**** Dataset extract

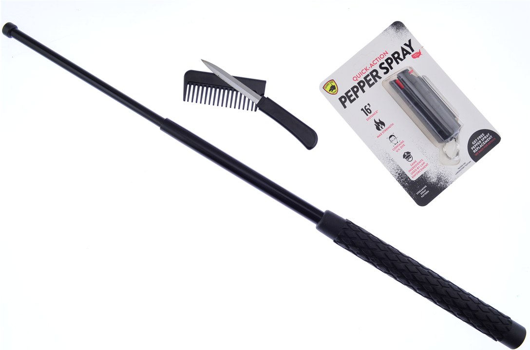 This Self-Defense set includes a 26" baton, Pepper spray, and a comb style letter opener. Restrictions may apply depending on your state. Get your set while supplies last!
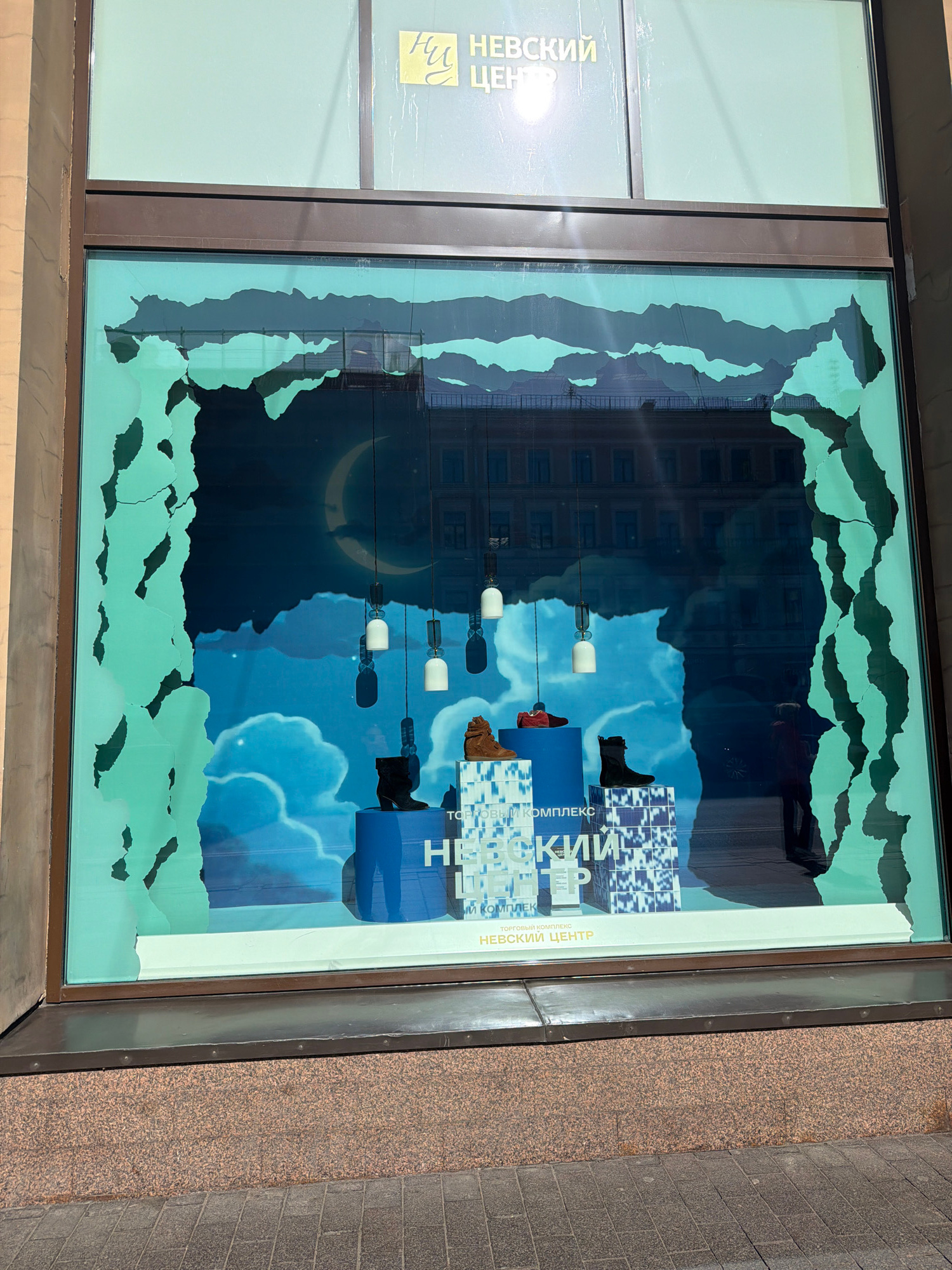 The image shows a window display of "Nevsky Center," a shopping mall in Saint Petersburg, Russia. The window has a stylized nighttime scene with a crescent moon, clouds, and what appears to be a citys…read more
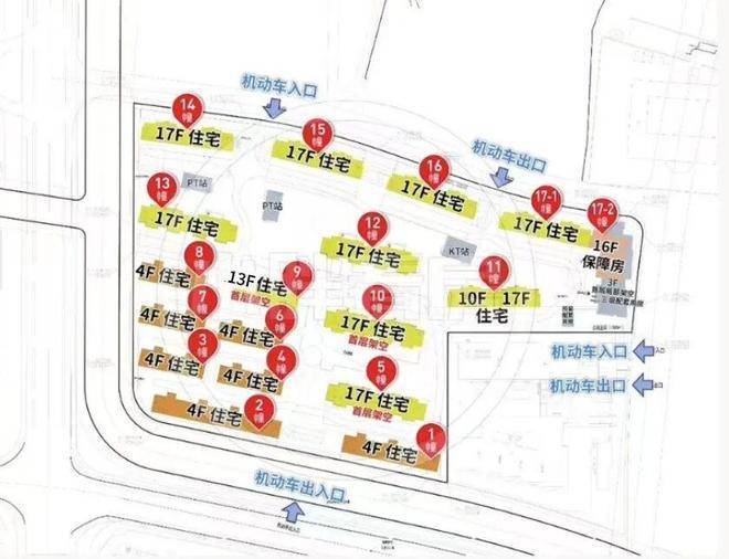 其中1#、2#、3#、4#、6#、7#、8#幢为4层的叠加别墅;11#幢为10层小高层和17层高层、9#幢为13层小高层;其余楼栋均为17层高层。保障房位于小区东北角。
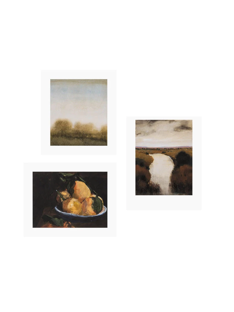 Trio of art prints selected for their complimentary colours, creating a perfect mini gallery.
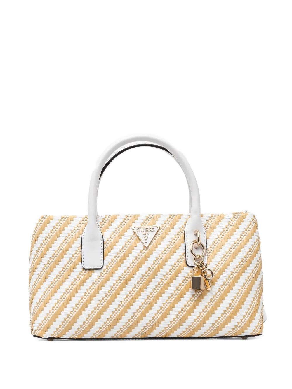 striped tote bag Highlights - White - Top handles - Detachable shoulder strap - Metal logo plaque - Padlock charm Imported Composition Outer: Polypropylene 100% Lining: Polyester 100% SIZE & FIT Measurement DEPTH 3.93 in(10 cm) HEIGHT 6.69 in(17 cm) WIDTH 11.81 in(30 cm) HANDLE 13.77 in(35 cm)
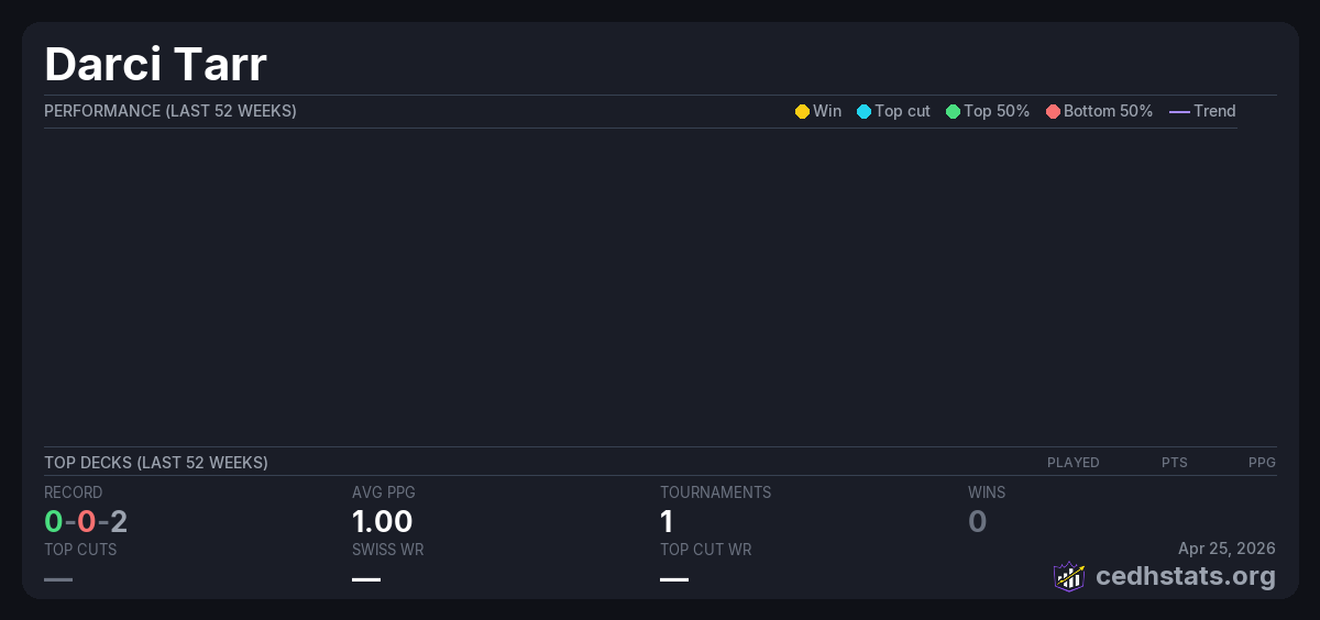 | Tournament | Deck | Result | Record | PPG | Points ? |

********

What to work on | With images omitted, retype the data word for word.

Task solution |
 This Self-Defense set includes a 26" baton, Pepper spray, and a comb style letter opener. Restrictions may apply depending on your state. Get your set while supplies last!
 The image shows a window display of "Nevsky Center," a shopping mall in Saint Petersburg, Russia. The window has a stylized nighttime scene with a crescent moon, clouds, and what appears to be a citys…read more
 其中1#、2#、3#、4#、6#、7#、8#幢为4层的叠加别墅;11#幢为10层小高层和17层高层、9#幢为13层小高层;其余楼栋均为17层高层。保障房位于小区东北角。
 Trio of art prints selected for their complimentary colours, creating a perfect mini gallery.
 striped tote bag Highlights - White - Top handles - Detachable shoulder strap - Metal logo plaque - Padlock charm Imported Composition Outer: Polypropylene 100% Lining: Polyester 100% SIZE & FIT Measurement DEPTH 3.93 in(10 cm) HEIGHT 6.69 in(17 cm) WIDTH 11.81 in(30 cm) HANDLE 13.77 in(35 cm)
 | Tournament | Deck | Result | Record | PPG | Points ? |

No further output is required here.